**WHAT THE EXERCISE ASKS**
Return only the lines of the data below from the line with "材料:北豆腐......30" up to and including the line with "10. Попова О.", exactly as written, with the pictures omitted.

Excerpts from a dataset
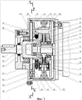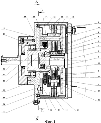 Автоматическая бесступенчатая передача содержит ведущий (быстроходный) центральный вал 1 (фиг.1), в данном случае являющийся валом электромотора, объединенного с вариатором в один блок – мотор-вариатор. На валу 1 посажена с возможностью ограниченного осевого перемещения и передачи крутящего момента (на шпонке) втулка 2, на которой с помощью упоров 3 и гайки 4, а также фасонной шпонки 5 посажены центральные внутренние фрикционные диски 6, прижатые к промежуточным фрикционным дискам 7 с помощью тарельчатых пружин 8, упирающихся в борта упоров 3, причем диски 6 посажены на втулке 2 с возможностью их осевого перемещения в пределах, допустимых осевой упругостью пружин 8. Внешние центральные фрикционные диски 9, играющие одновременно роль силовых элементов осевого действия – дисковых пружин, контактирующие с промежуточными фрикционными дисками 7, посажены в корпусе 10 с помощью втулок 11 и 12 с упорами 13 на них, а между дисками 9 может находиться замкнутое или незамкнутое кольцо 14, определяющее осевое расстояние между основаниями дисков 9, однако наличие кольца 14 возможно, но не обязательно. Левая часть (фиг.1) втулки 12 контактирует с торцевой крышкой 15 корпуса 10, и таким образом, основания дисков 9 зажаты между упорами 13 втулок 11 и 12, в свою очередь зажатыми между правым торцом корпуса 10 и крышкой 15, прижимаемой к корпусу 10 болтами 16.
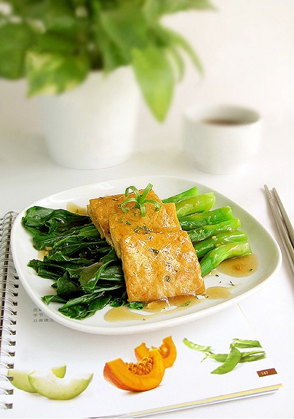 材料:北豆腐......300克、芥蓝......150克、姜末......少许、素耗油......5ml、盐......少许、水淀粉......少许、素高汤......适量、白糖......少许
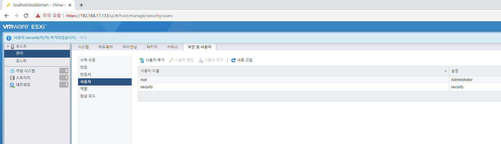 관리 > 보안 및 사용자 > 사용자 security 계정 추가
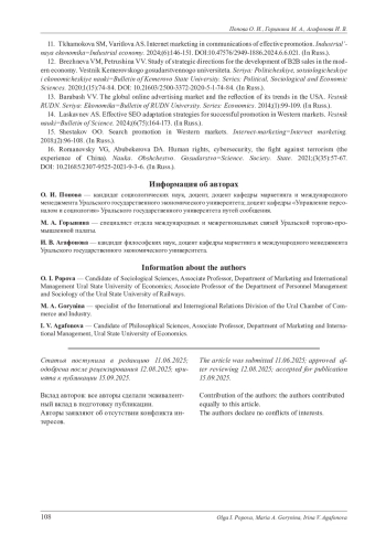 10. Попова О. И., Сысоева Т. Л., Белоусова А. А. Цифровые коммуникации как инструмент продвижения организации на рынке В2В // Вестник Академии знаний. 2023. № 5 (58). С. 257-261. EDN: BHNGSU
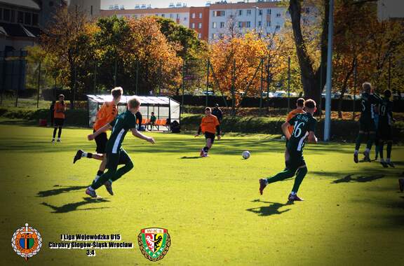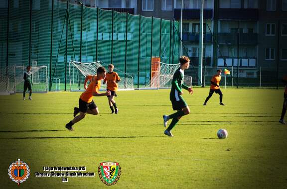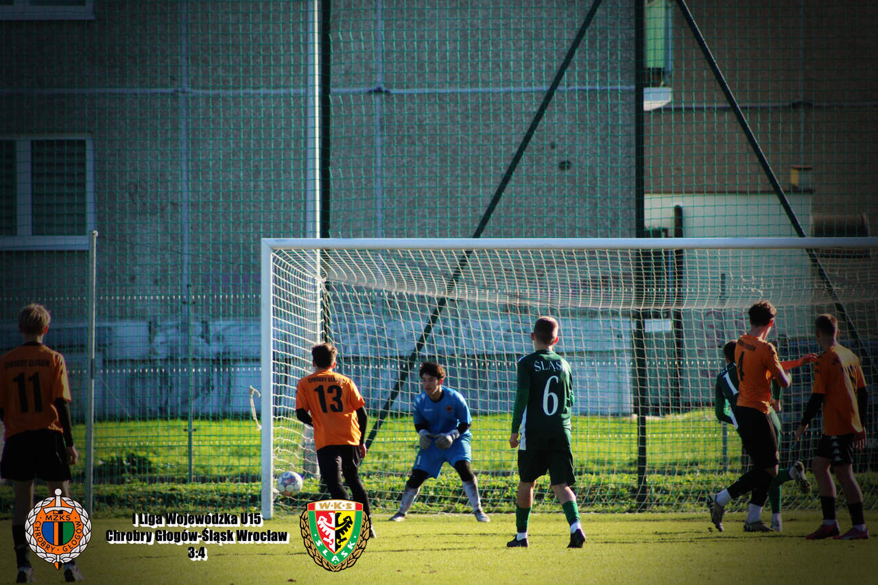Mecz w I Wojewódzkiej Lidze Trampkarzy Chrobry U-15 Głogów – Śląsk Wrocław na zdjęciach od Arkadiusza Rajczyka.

**WRITTEN RESPONSE**
 材料:北豆腐......300克、芥蓝......150克、姜末......少许、素耗油......5ml、盐......少许、水淀粉......少许、素高汤......适量、白糖......少许
 관리 > 보안 및 사용자 > 사용자 security 계정 추가
 10. Попова О. И., Сысоева Т. Л., Белоусова А. А. Цифровые коммуникации как инструмент продвижения организации на рынке В2В // Вестник Академии знаний. 2023. № 5 (58). С. 257-261. EDN: BHNGSU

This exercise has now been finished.